The story, as explained to me by William Adam, is that Donald and his companion Sandy Kane were walking eastwards along the north side of Loch Mullardoch after a day in the hills. They saw in the distance along the loch side, a cottage which appeared to be just above and close to the bank of the loch.

As they approached, their view of the house was hidden by a plantation of trees. When the view opened up however, the house appeared to have vanished – there was no sign of it. However, both were convinced by what they had seen from far away but when they came close, all they saw in the place where the house had been was a flat stretch of water.

When they returned home they mentioned this odd experience to one or two people and word of it eventually reached the ears of the well known local news reporter in Fort William, Alistair Scoop MacMillan.

Now, according to William, Scoop always had a good nose for a story, so he decided to look into the matter and in the course of his enquiries, managed to get hold of a photo of an old house on the north shore of Loch Mullardoch.

The present Loch Mullardoch was created in 1951 when a dam was built just upstream from Mullardoch House in Glen Cannich as part of the Affric-Beauly hydro-electric power scheme. Prior to the construction of the dam, according to Wikipedia, the natural Loch Mullardoch stretched for some 7 km along the floor of the glen as far west as Benula Lodge and Benula Old Lodge, the sites of both of which now lie beneath the reservoir’s waters, as well as a number of other former houses and cottages. The smaller Lochan na Cloiche and Loch Lingard were drowned as the reservoir filled.

Descending to shores of Loch Mullardoch at Benula
Descending to shores of Loch Mullardoch at Benula

The local Glen Affric & Strathglass website states, “records yield evidence of settlements here dating back to the ‘Clearances’.”

“In more recent times the glen still supported a number of families. Towards the end of the 19th Century the glen was home to ‘eight shepherds, seven gamekeepers and one farmer.’

“The growing popularity of deer stalking led to the construction of Beinn Fionnlaidh Lodge. Close by were the stalkers cottages at Coire na Cuillean and Luib na Daimh. Together with the remote settlement at Lungard they disappeared under the rising waters of an enlarged Loch Mullardoch.”

This is where the story becomes very interesting. Armed with his photo of the Mullardoch cottage, Scoop MacMillan approached William Adam and asked him to look after the photo, but not to reveal it to either Donald or Sandy.

He then asked the hillwalking pair if they could make a sketch of the house they claimed to have seen. They did so. I’ll let William Adam tell the story now…

“It was arranged that when the sketch was finished, Donald, Sandy and I would all meet up at Scoop’s office in Monzie Square, Fort William.

“There, both the sketch and the photograph were produced and lo and behold, there was no mistaking the clear and numerous similarities between the two.

“Somehow an image of the house, which had been under water for many years had appeared to the two lads and in almost exactly the place where the house had been, albeit that what they saw was above water level and thus quite a bit higher than the original.

“As far as I know, no explanation of the phenomenon was ever found.
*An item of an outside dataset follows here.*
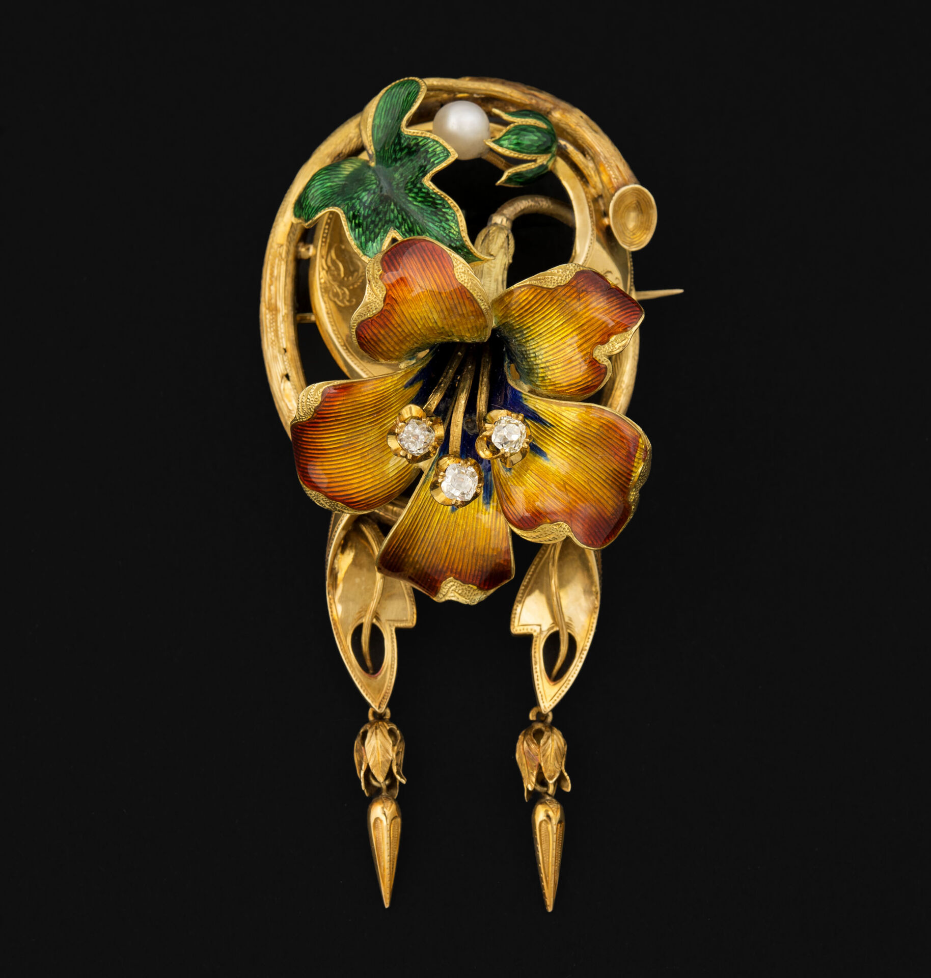 The popularity of the jewellers Mellerio persisted throughout the Second French Empire (1852–1871). The firm became famous, for instance, for its highly skilful naturalistic renderings of flowers made of enamel and gems. A recently acquired brooch exemplifies this Meller quality, designed as a large, orangeshimmering orchid in gold and enamel with diamond pistils (Fig 8).10 Another variety of this naturalism was jewellery in the form of flowers set with diamonds; an ingenious device enables the parts to quiver, enhancing the illusion of real plants.11 These were often brooches, called trembleuse for their moving parts (Fig. 9). Last year’s acquisitions include one such brooch, set with a large number of old cut diamonds.

The scurrilous allegation from some of the climbing fraternity in Lochaber that they must have been under the influence of something was dismissed out of hand by all who knew the two gentlemen.

“My recollection is that Scoop wrote a story of the whole incident, and that it was published not just locally but also nationally, though I don’t have any newspaper cutting about this matter.”

It’s an extraordinary story and I mentioned it to Duncan Chisholm who I had interviewed on one of my television walks a couple of years ago.

Photo supplied by Duncan Chisholm
Photo supplied by Duncan Chisholm

Duncan has spoken very movingly of how his grandparents had lived at Cozac Lodge on the north shore of the Loch Mullardoch but after the loch had been expanded and their house was drowned his grandmother could never bear to return to Loch Mullardoch.

Duncan mentioned the Donald Watt story to his father, who had actually worked on the building of the Mullardoch dam. He is convinced that the cottage in question was the former Cozac Lodge, “near the plantation of trees.”